410_hw1.R

##### QUESTION #1 
#### [All Students] Suppose that 𝑌 has a binomial distribution with parameters 𝑛 = 15 and 𝜋 (unknown) = the probability of a success, so 𝑌 ~ 𝐵𝑖𝑛(15, 𝜋). If we observe 𝑦 = 1 success in these 15 independent trials, give four 95% confidence intervals for the true 𝜋 - namely, those based on: 
####  (a) the usual Wald interval (in class and Shafer Lecture 2, p.12) 
####  (b) the modified Wald interval (in class and Shafer Lecture 2, p.14) 
####  (c) the logit transformation (in class and Shafer Lecture 2, p.17 ff.) 
####  (d) the log-likelihood (in class and Shafer Lecture 2, p.25 ff.)

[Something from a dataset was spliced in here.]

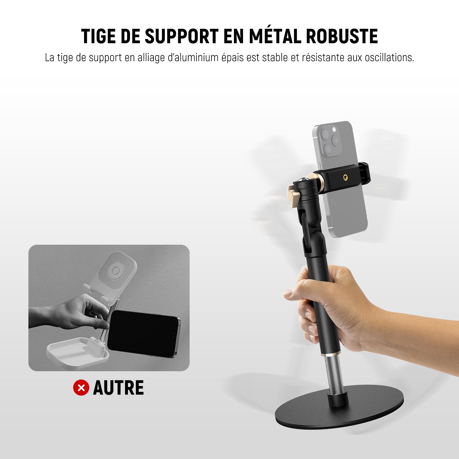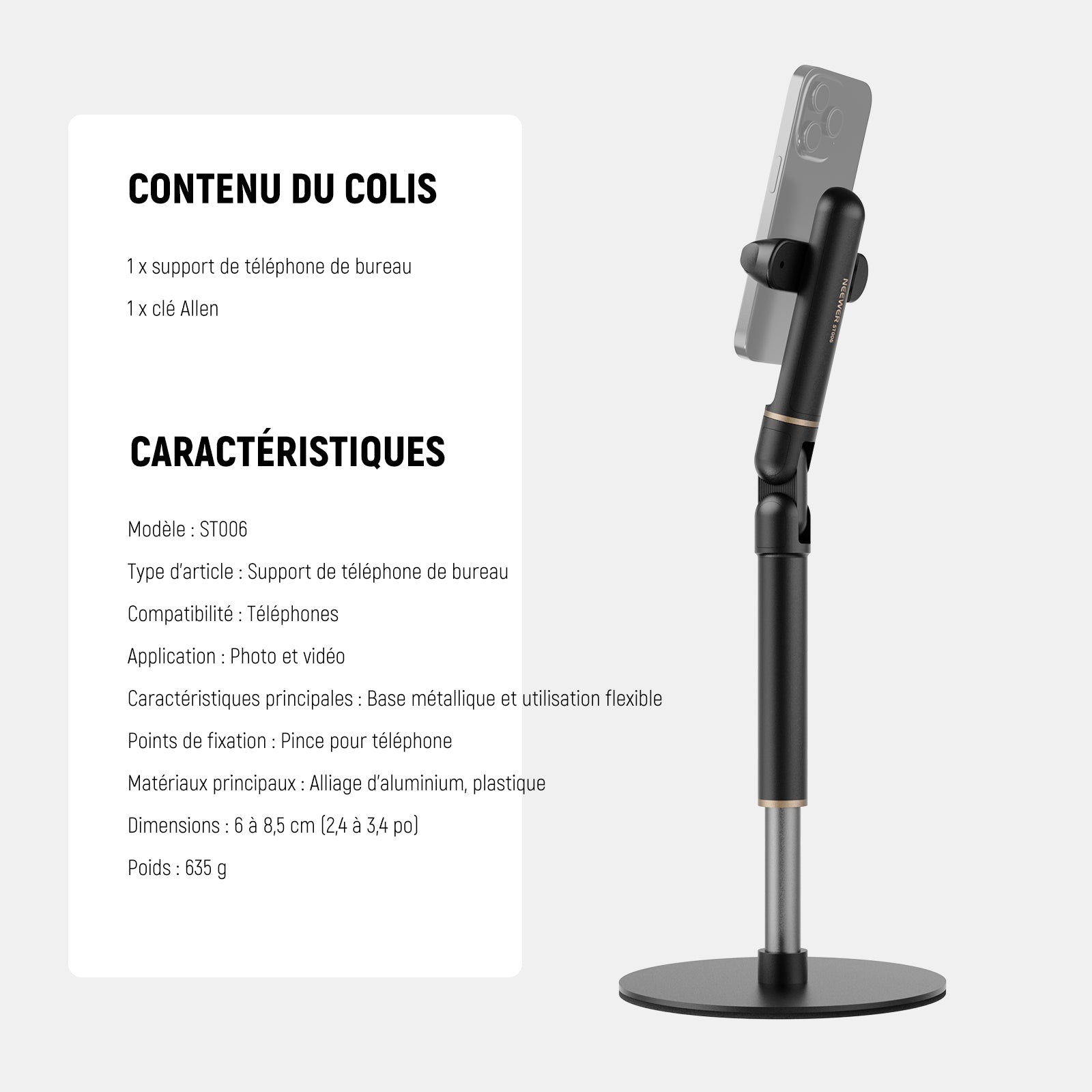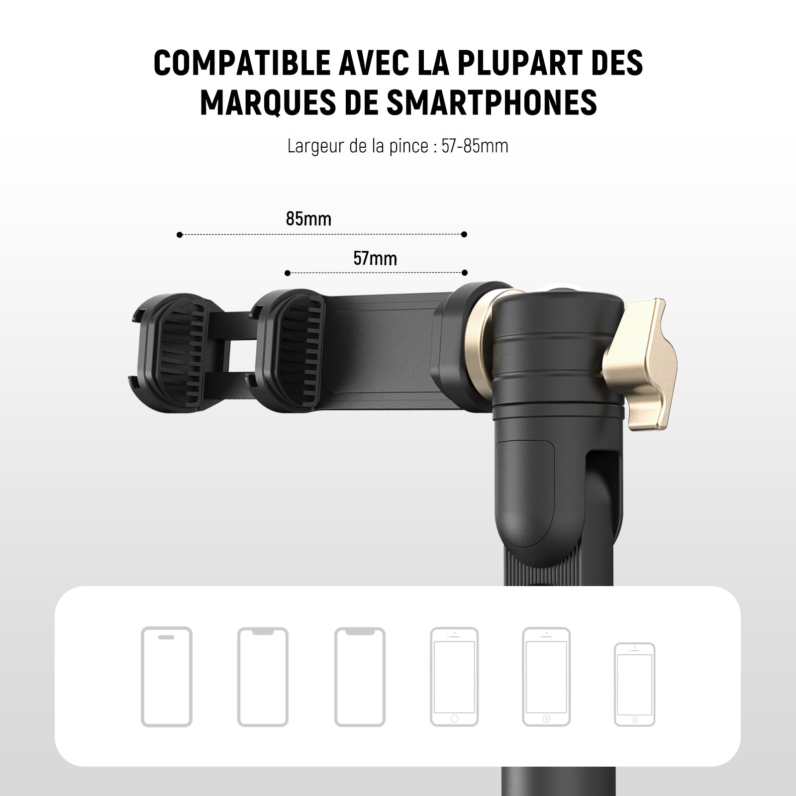 Cages/étuis de téléphone dédiés et universels, poignées, commandes Bluetooth, chariots, glissières, trépieds et autres accessoires pour la photographie mobile.

#### Also, of these, which one of these intervals is preferred and why? 

x<-1
n<-15
pi<-x/n

## Part A - Usual Wald Interval ##
pi_a <- pi
lower <- pi_a - 1.96*(sqrt(pi_a*(1-pi_a))/15)
upper <- pi_a + 1.96*(sqrt(pi_a*(1-pi_a))/15)
c(lower,upper)

## [1] 0.03407267 0.09926066

## Standard 95% CI: 0.03407267 - 0.09926066

## Part B - Modified CI ##
pi_b <- (x+.5)/(n+1)
lower <- pi_b - 1.96*sqrt((pi_b*(1-pi_b))/(n+1))
upper <- pi_b + 1.96*sqrt((pi_b*(1-pi_b))/(n+1))
c(lower,upper)

## [1] -0.04907549  0.23657549

## Modified 95% CI: -0.04907549 - 0.23657549

## Part C - Logit Transformation CI ##
pi_c<-log((pi/(1-pi)))
i_phi<-n*pi*(1-pi)
lower<-pi_c-1.96*sqrt(1/i_phi)
e_low<-exp(lower)
upper<-pi_c+1.96*sqrt(1/i_phi)
e_up<-exp(upper)

p_low<-e_low/(1+e_low)
p_up<-e_up/(1+e_up)
c(p_low,p_up)

## [1] 0.009305044 0.351998845

## Logit 95% CI: 0.009305044 - 0.351998845

## Part D - Log-Likelihood CI ##
library(binom)
y<-1
binom.confint(y, n, conf.level = 0.95, method = "lrt")

##   method x  n       mean       lower     upper
## 1    lrt 1 15 0.06666667 0.003926124 0.2621293

## LR 95% CI: 0.003926124 - 0.2621293
# output below
#  method   x   n    mean       lower         upper
#     lrt   1   15  0.06666667  0.003926124   0.2621293

## Preferred Interval
# Q1_a<-0.09926066-0.03407267
  # width=0.06518799

# Q1_b<-0.23657549+0.04907549
  # width=0.285651

# Q1_c<-0.351998845-0.009305044
  # width=0.3426938

# Q1_d<-0.2621293-0.003926124
  # width=0.2582032

# Log-likelihood 95% CI is preferred. The answers from part a and part d have the narrowest CIs but the LR method from part d is scale-invariant which is why it is preferentially to the other three methods used in question 1.


##### QUESTION #2
#### [All Students] Suppose that if you stand at the main entrance of Loyola from 9am to 10am on any Monday morning during the school year, and that
#### • the number of Loyola students you see with orange hair has a Poisson distribution with mean 𝟖, and that independently,
#### • the number of Loyola students you see with green hair has a Poisson distribution with mean 𝟕,and that independently,
#### • the number of Loyola students you see with purple hair has a Poisson distribution with mean 𝟓.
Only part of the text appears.